▸ **Task prompt**
Leave out the pictures, and retype the remaining data exactly.

[Saved entries]
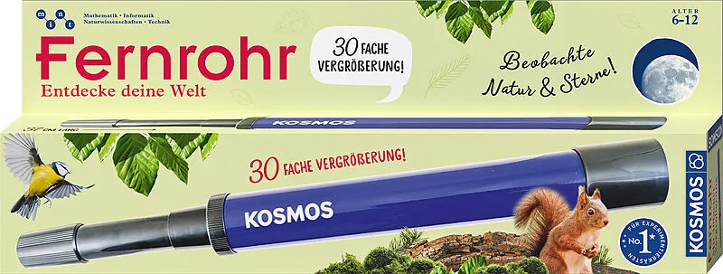 Den Himmel nach Sternenbildern absuchen, die zerfurchte Kraterlandschaft des Mondes erforschen oder Vögel im Wald oder vor dem Fenster beobachten - das Fernrohr von KOSMOS bringt Kindern unerreichbare Welten ganz nah heran. Das Linsenfernrohr mit der 30fachen ...
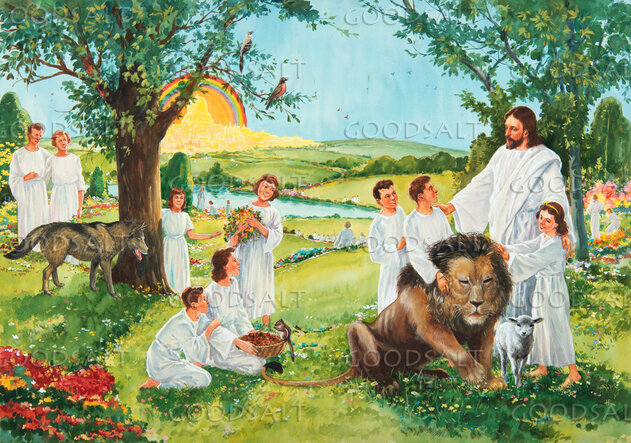 Jesus and the redeemed in the New Earth paradise with the New Jerusalem city in the distance. Children pet lion and lamb. Treem flowers, squirrel, birds, wolf.
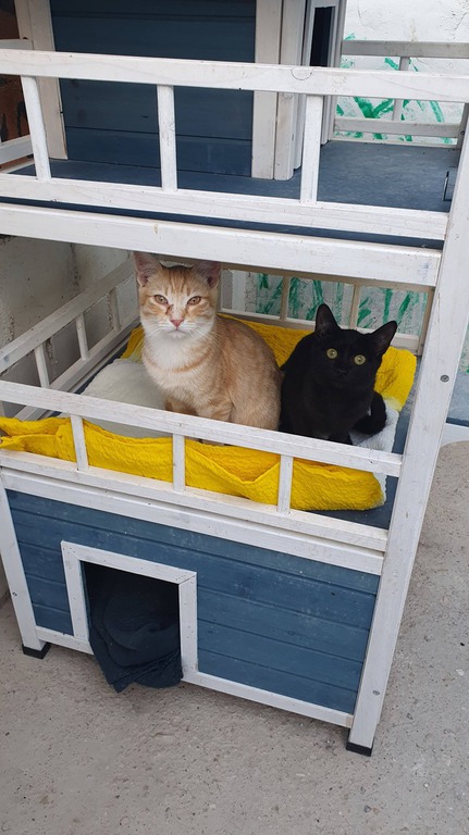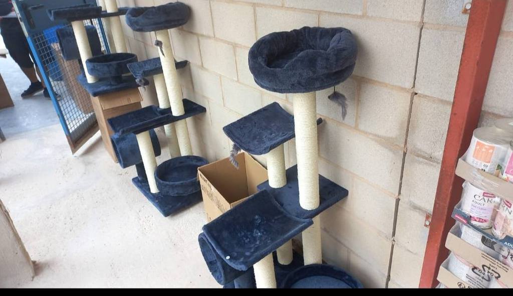 Wir haben neue Catwalks gebaut und Häuschen, die gespendet wurden, dank Manu und Andreas vor Ort, ein PS-Pärchen für unsere Katzen. Ebenso haben wir viele Häuschen und Kratzbäume, Tonnen bekommen, von Euren Spenden und mit Hilfe des THNW Spanien mit Julia Choi. Wir haben Deckenspenden erhalten und so haben es die Katzen im Tierheim warm und etwas kuschelig im kalten Winter.
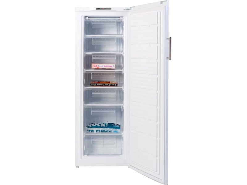 Frysskåpet är kompressordrivet och har en fryskapacitet på 11 kg/dag, och med dess nettokapacitet på 225 liter passar det perfekt för ett medelstort hushåll.
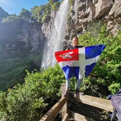 Plus loin sur la route, nous sommes intrigués par la quantité de voitures stationnées sur le bas côté. En tant que bon pigeons, nous faisons de même et allons découvrir de quoi il en retourne 😝. Après quelques kilomètres de marche, nous arrivons effectivement au près de la magnifique cascade ñivinco. Mimi sera bien le seul à oser y faire un plongeon sous le regard médusé des frileux argentins qui nous entourent 🩳.
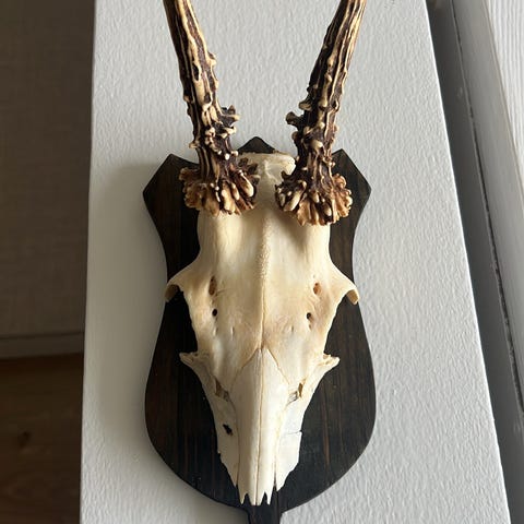 Stort rensdyr gevir med pels på.

▸ **Task answer**
 Den Himmel nach Sternenbildern absuchen, die zerfurchte Kraterlandschaft des Mondes erforschen oder Vögel im Wald oder vor dem Fenster beobachten - das Fernrohr von KOSMOS bringt Kindern unerreichbare Welten ganz nah heran. Das Linsenfernrohr mit der 30fachen ...
 Jesus and the redeemed in the New Earth paradise with the New Jerusalem city in the distance. Children pet lion and lamb. Treem flowers, squirrel, birds, wolf.
 Wir haben neue Catwalks gebaut und Häuschen, die gespendet wurden, dank Manu und Andreas vor Ort, ein PS-Pärchen für unsere Katzen. Ebenso haben wir viele Häuschen und Kratzbäume, Tonnen bekommen, von Euren Spenden und mit Hilfe des THNW Spanien mit Julia Choi. Wir haben Deckenspenden erhalten und so haben es die Katzen im Tierheim warm und etwas kuschelig im kalten Winter.
 Frysskåpet är kompressordrivet och har en fryskapacitet på 11 kg/dag, och med dess nettokapacitet på 225 liter passar det perfekt för ett medelstort hushåll.
 Plus loin sur la route, nous sommes intrigués par la quantité de voitures stationnées sur le bas côté. En tant que bon pigeons, nous faisons de même et allons découvrir de quoi il en retourne 😝. Après quelques kilomètres de marche, nous arrivons effectivement au près de la magnifique cascade ñivinco. Mimi sera bien le seul à oser y faire un plongeon sous le regard médusé des frileux argentins qui nous entourent 🩳.
 Stort rensdyr gevir med pels på.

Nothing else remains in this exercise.